Last Wed night I saw Tristan und Isolde at the LA Opera. Tristan und Isolde itself is considered one of Wagner's great works; his ode to love and ecstasy that for 60 years after he wrote it was considered unperofrmable because of its complexity and extraordinary demands on the singers. Never the less, it was performed, and has been many times since; and was the personal favorite of a real opera aesthete that i had the privilege of knowing. (Never forgotten, Lord Manwoody!)

The LA Opera House itself, the Dorothy Chandler Pavilion is a magnificent structure in downtown LA, next to the Disney Concert Hall and the Ahmanson Theatre. The tickets, however, are quite expensive; without breaking the bank I couldn't get close to the orchestra level. I spent a fair chunk of extra change to get better seats on the first balcony - but even so I was situated in the very last row, one seat in front of someone who'd pay $60 less to see precisely the same thing. I certainly miss the Philadelphia Symphony Orchestra Hall, with its generous seating and powerful acoustics - though even it is no longer in use, replaced by the Kimmel Center. Seeing the Philadelphia Symphony Orchestra was incredibly stirring; I could feel the music vibrating in my chest, the experience was whole-body and recorded music is simply no comparison. The Chandler Pavilion doesn't offer anything like that experience, particularly from way, way up.

Never the less, after an excellent dinner at the Pacific Dining Car we settled down amidst the crowd, which was curiously evenly mixed with young people and old folks, to see the show. Tristan und Isolde's opening prelude is beautiful, soaring, hinting at the slow build up of tension to a faster and faster... err, climax? Well, that is what the opera is all about, after all. The curtains came up on incredible sets; an halluciinogenic impression of a ship in lurid colors and trompe l'oeil illusions. The actors... well, there's a certain tradition to operatic stars that, shall we say - the LA Opera has upheld quite unmistakeably. Honestly, once the singing started, I found the first act hard to pay attention to; the combination of unappealing costumes, uninspired singing, and physical presence of the performers that contrasted with their roles as romantic figures... I found it hard going.
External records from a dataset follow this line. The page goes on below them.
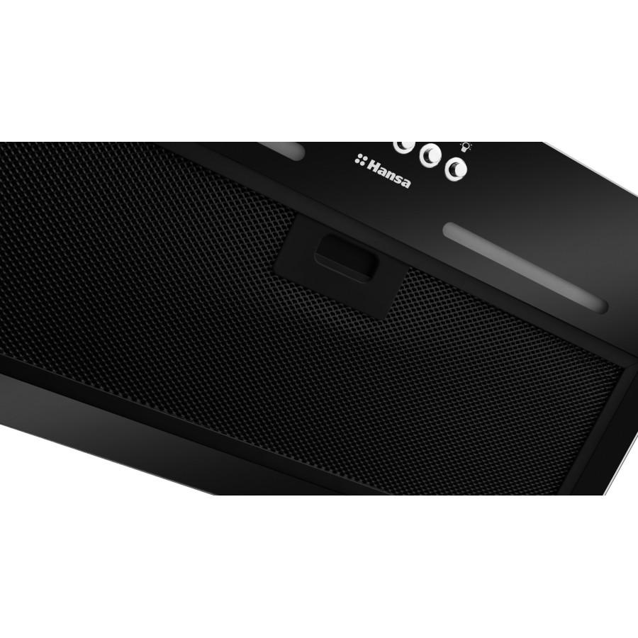 Hansa OMP6251BGH — це надійна картриджна витяжка з можливістю роботи у двох режимах: відведення повітря або рециркуляція. Корпус поєднує сталеву основу з чорним склом, створюючи стриманий сучасний вигляд. Модель має продуктивність 400 м³/год і оснащена трьома рівнями швидкості для різних типів готування. Світлодіодна стрічка з нейтральним холодним відтінком забезпечує рівномірне освітлення поверхні. Завдяки алюмінієвому жировому фільтру та можливості встановлення вугільних фільтрів KF17154 повітря залишається чистим навіть під час інтенсивного приготування.
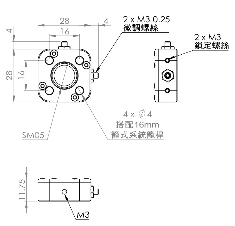- 適用0.5吋(12.7mm)光學元件,直接安裝最大厚度5.6mm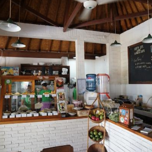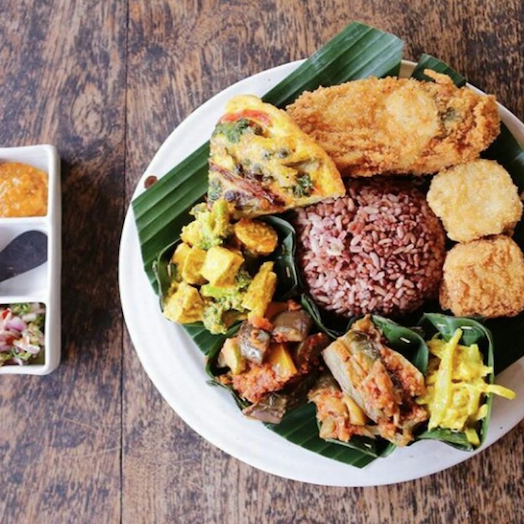 Warung Sopa serves good vegetarian nasi campur from a cabinet for 8000 IDR per item. You can choose from curries like tofu, banana leaf, eggplant, and lentil, as well as samosas, spring rolls, and fried tempeh, all served with red rice. They also have lots of soups and a few other dishes on their menu.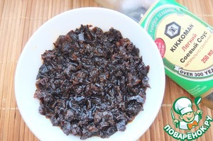• Чернослив измельчаем в блендере или ножом. В измельченный чернослив добавляем соевый соус Киккоман "Легкий". Лучше это сделать заранее, за пару часов до начала готовки.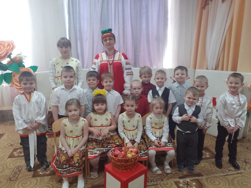 В конце праздника бабушка угостила всех ребят вкусными и румяными яблоками. Детям очень понравилось в гостях у бабушки Арины и с хорошим настроением отправились обратно в группу, не забыв пригласить бабушку Арину в гости!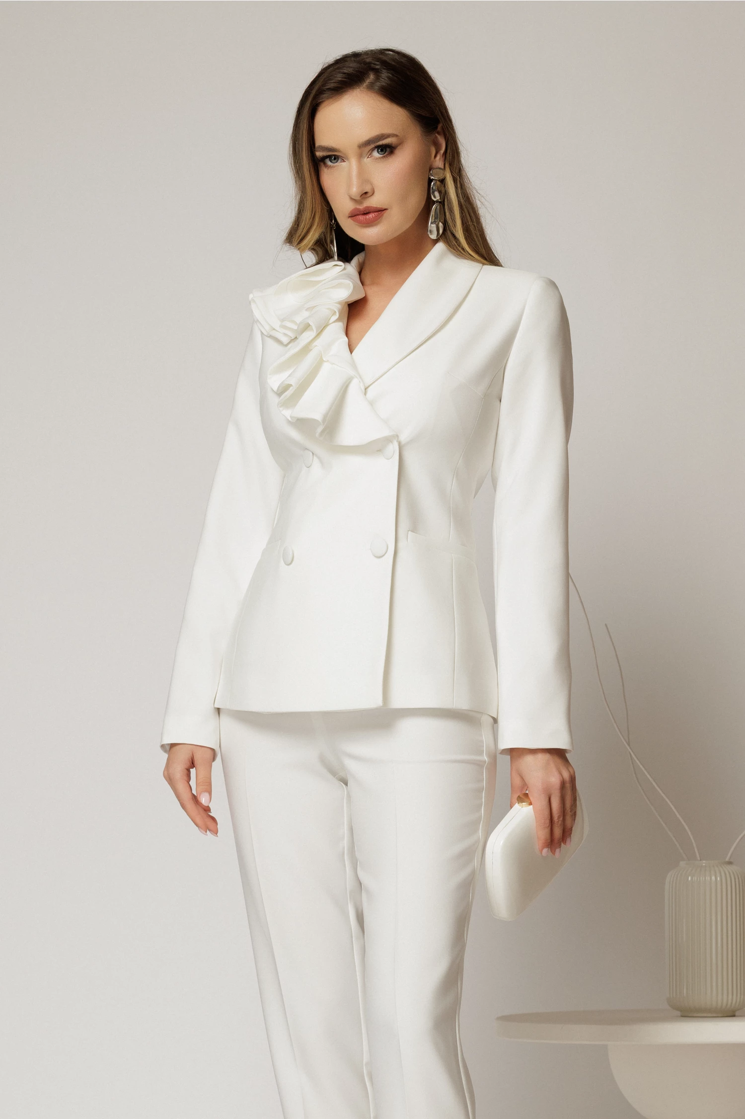 Compleu alb cu pantalon si sacou cu volanase la rever

The second act, however, is entirely different. Tristan and Isolde (despite consistently referring to themselves in the third person) manage to get together. Their love duet is justly famous; they trade back and forth a song about love so annihilating that only death or oblivion can complete it. The music itself is particularly beautiful (though the predominance of words in German that end in "-st" must be awfully hard on the singers - just try and spit out a few of those at top volume and you'll see, you can feel it in your belly!) and allowed these singers, at least to soar up into a more lovely and melodious sound than the first act permitted them. Suddenly their ill-fitting wigs, dowdy costumes and unromantic physiques were irrelevant, and the crazy love that they were destroying themselves and each other for was far more visceral.

Sadly, it had grown so late, and we were so tired (and bound early for Disneyland the next day) that we slipped out after the second intermission. We missed the finale, Isolde's Liebestod, widely regarded as some of the most stirring and inspiring music opera has to offer. In it, the uncompleted and slowly building tension of the first two acts comes to its crescendo - and incidentally, the actors and story are dragged along, too. In Tristan und Isolde, the music isn't just an underpinning or accompaniment, it's one of the characters. I'm sorry I missed it - given my choice I'd rather skip the first act than the third.

None of the clips I've linked to here, by the way, are the actual LA Opera performance - just good examples I happened to find on youtube.